Task prompt -
Your copy should match the records exactly, except that no pictures appear in it.

Given records -
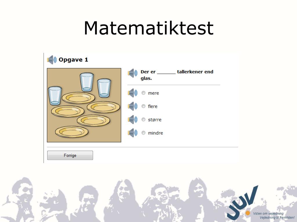Matematiktesten 3 deltest: 1) matematiske begreber 2) grundlæggende regnefærdigheder 3) matematik Ca. 20 minutter, på computer.
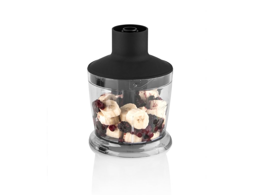 Elegantní, plastový černý mixér s nerezovými prvky se velmi dobře obsluhuje díky ergonomickému tvaru držadla. Elegantní tvar držadla s úzkými křivkami se dobře drží v ruce a neklouže, dobře se ovládá, a pomocí speciálnímu uchycení „Fast lock“ si užijete komfort v podobě jednoduchého nacvakování i vycvakování četného příslušenství, které mixér obsahuje. Všechny úkony vám půjdou jednoduše, rychle a bez práce.
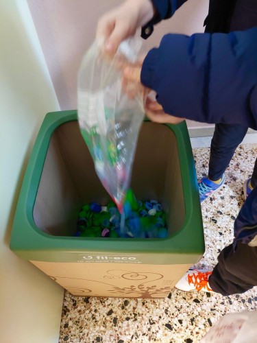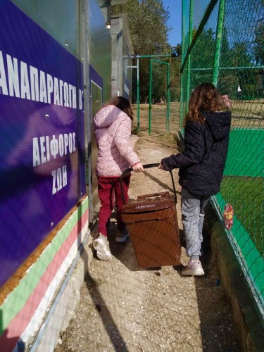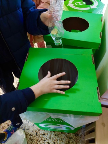 15 Φεβρουαρίου 2023Τα παιδιά μας της Γ΄ τάξης υιοθετούν νέες δεξιότητες και συμπεριφορές που ακολουθούν τα πρότυπα της αειφορίας. Με χαρά φέρνουν στο Σχολείο τη «μικρή υφασμάτινη τσάντα» τους την οποία γεμίζουν στο σπίτι, προς το παρόν με τη βοήθεια των γονιών τους, με πολύτιμους ανακυκλώσιμους θησαυρούς. Πλαστικό, αλουμίνιο, χαρτί, μπαταρίες και υλικό για κομποστοποίηση (φλούδες αυγών, λαχανικά κ.ά.) τοποθετούνται με τάξη και προσοχή στους ειδικούς κάδους του Σχολείου μας. Έπειτα ξαναπαίρνουν την τσαντούλα τους στο σπίτι, για να τη γεμίσουν με νέα υλικά. Μέσα από πολλαπλές δράσεις μυούμε τη νέα γενιά σε σύγχρονες συμπεριφορές, καλλιεργώντας μελλοντικούς πολίτες ευαισθητοποιημένους σε περιβαλλοντικά και κοινωνικά ζητήματα.
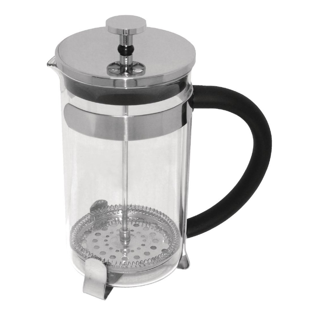 Caffettiera contemporanea in acciaio inox con vetro resistente.
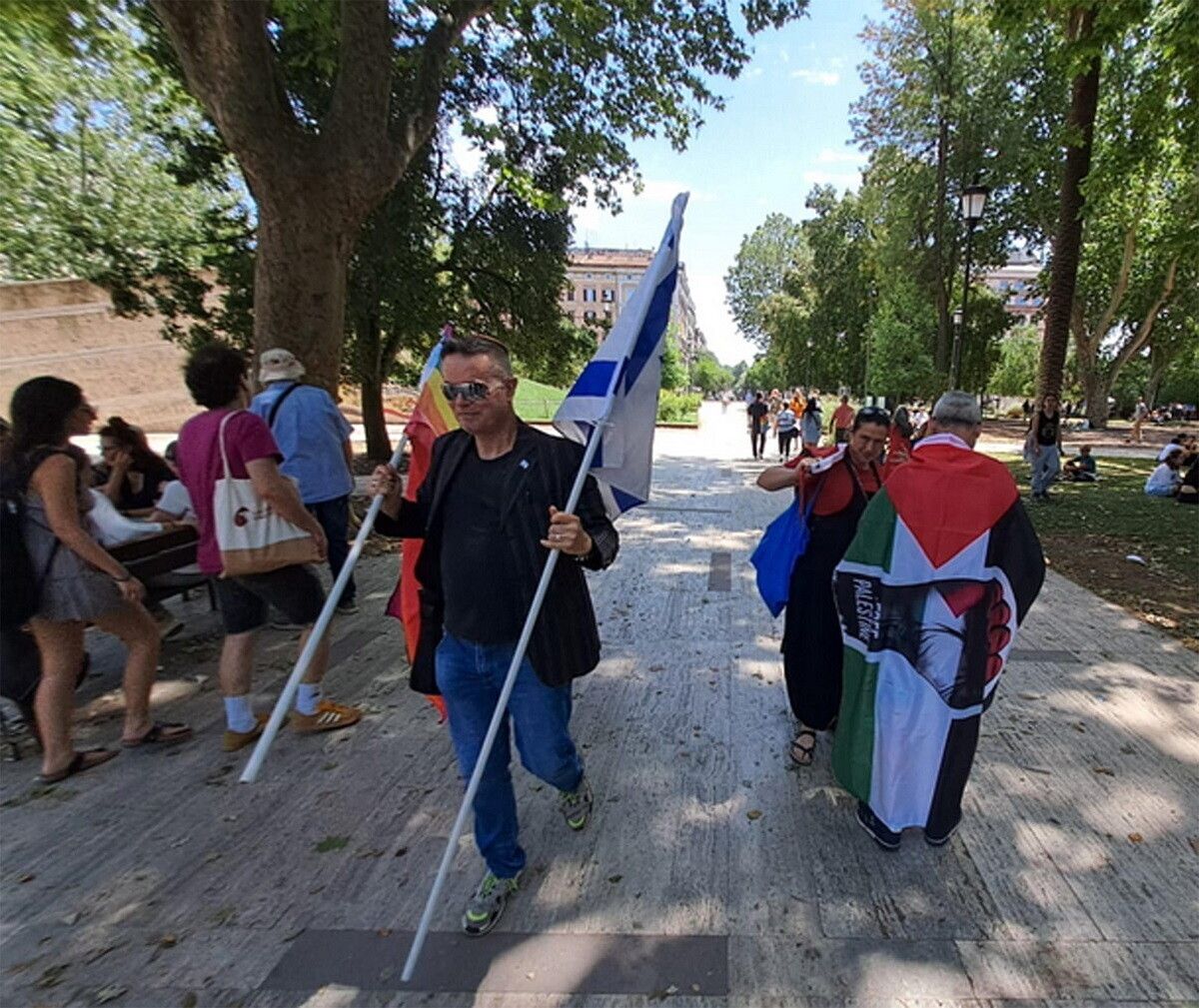 Il giornalista, indossando una kippah con i colori della pace e una spilla con la bandiera di Israele e sventolando una bandiera dello Stato ebraico e una della pace con la stella a cinque punte, aveva poi raggiunto la testa della manifestazione per Gaza.
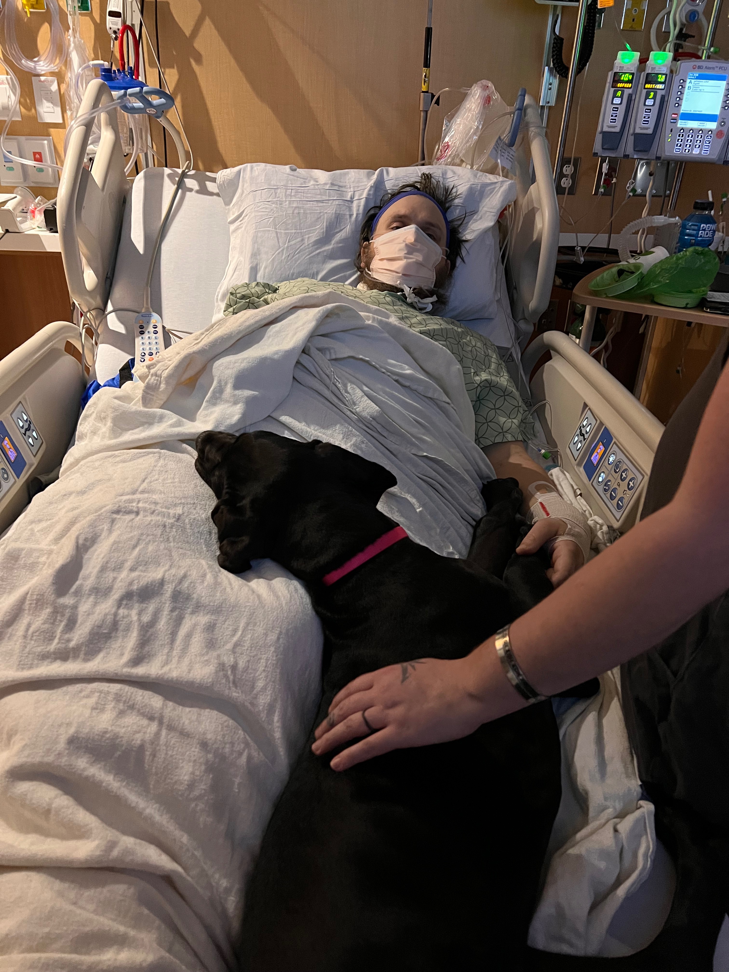 As such stories go, there always has to be a challenge. In Nigel’s case, he is huge so his challenges have been as well. Five weeks ago, he was laid off of his construction job due to lack of work. A week and a half ago, he came down with a sudden fever, body aches, and joint pain. Thinking it was just the flu, he tried to ride it out. Three days later, he was admitted to the University of Utah Hospital with septic arthritis. This came secondary to a staph infection that started as a little sore on his forehead. Since then, he has had both wrists, both ankles, and a knee cleaned out. He has had injections in both eyes and a bit of brain surgery, with some micro strokes due to the bacteria there as well. Currently, he is awaiting open-heart surgery to replace a heart valve that is covered in bacterial vegetation. Every time his heart valve opens and closes, the doctors are afraid that the bacteria will get flipped off of the valve and travel to his brain.
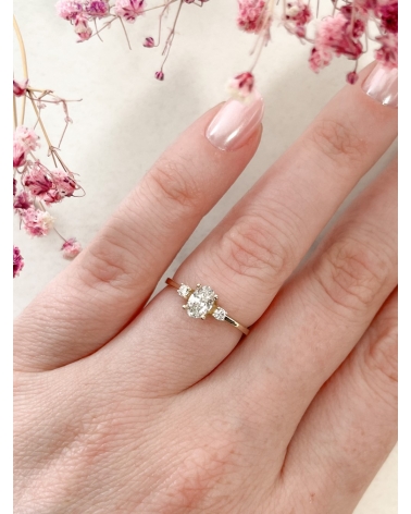 Piękny, złoty pierścionek zaręczynowy Allesia. Oprawka, w której osadzone są trzy kamienie, została wykonana na wzór diademu.

Written solution -
Matematiktesten 3 deltest: 1) matematiske begreber 2) grundlæggende regnefærdigheder 3) matematik Ca. 20 minutter, på computer.
 Elegantní, plastový černý mixér s nerezovými prvky se velmi dobře obsluhuje díky ergonomickému tvaru držadla. Elegantní tvar držadla s úzkými křivkami se dobře drží v ruce a neklouže, dobře se ovládá, a pomocí speciálnímu uchycení „Fast lock“ si užijete komfort v podobě jednoduchého nacvakování i vycvakování četného příslušenství, které mixér obsahuje. Všechny úkony vám půjdou jednoduše, rychle a bez práce.
 15 Φεβρουαρίου 2023Τα παιδιά μας της Γ΄ τάξης υιοθετούν νέες δεξιότητες και συμπεριφορές που ακολουθούν τα πρότυπα της αειφορίας. Με χαρά φέρνουν στο Σχολείο τη «μικρή υφασμάτινη τσάντα» τους την οποία γεμίζουν στο σπίτι, προς το παρόν με τη βοήθεια των γονιών τους, με πολύτιμους ανακυκλώσιμους θησαυρούς. Πλαστικό, αλουμίνιο, χαρτί, μπαταρίες και υλικό για κομποστοποίηση (φλούδες αυγών, λαχανικά κ.ά.) τοποθετούνται με τάξη και προσοχή στους ειδικούς κάδους του Σχολείου μας. Έπειτα ξαναπαίρνουν την τσαντούλα τους στο σπίτι, για να τη γεμίσουν με νέα υλικά. Μέσα από πολλαπλές δράσεις μυούμε τη νέα γενιά σε σύγχρονες συμπεριφορές, καλλιεργώντας μελλοντικούς πολίτες ευαισθητοποιημένους σε περιβαλλοντικά και κοινωνικά ζητήματα.
 Caffettiera contemporanea in acciaio inox con vetro resistente.
 Il giornalista, indossando una kippah con i colori della pace e una spilla con la bandiera di Israele e sventolando una bandiera dello Stato ebraico e una della pace con la stella a cinque punte, aveva poi raggiunto la testa della manifestazione per Gaza.
 As such stories go, there always has to be a challenge. In Nigel’s case, he is huge so his challenges have been as well. Five weeks ago, he was laid off of his construction job due to lack of work. A week and a half ago, he came down with a sudden fever, body aches, and joint pain. Thinking it was just the flu, he tried to ride it out. Three days later, he was admitted to the University of Utah Hospital with septic arthritis. This came secondary to a staph infection that started as a little sore on his forehead. Since then, he has had both wrists, both ankles, and a knee cleaned out. He has had injections in both eyes and a bit of brain surgery, with some micro strokes due to the bacteria there as well. Currently, he is awaiting open-heart surgery to replace a heart valve that is covered in bacterial vegetation. Every time his heart valve opens and closes, the doctors are afraid that the bacteria will get flipped off of the valve and travel to his brain.
 Piękny, złoty pierścionek zaręczynowy Allesia. Oprawka, w której osadzone są trzy kamienie, została wykonana na wzór diademu.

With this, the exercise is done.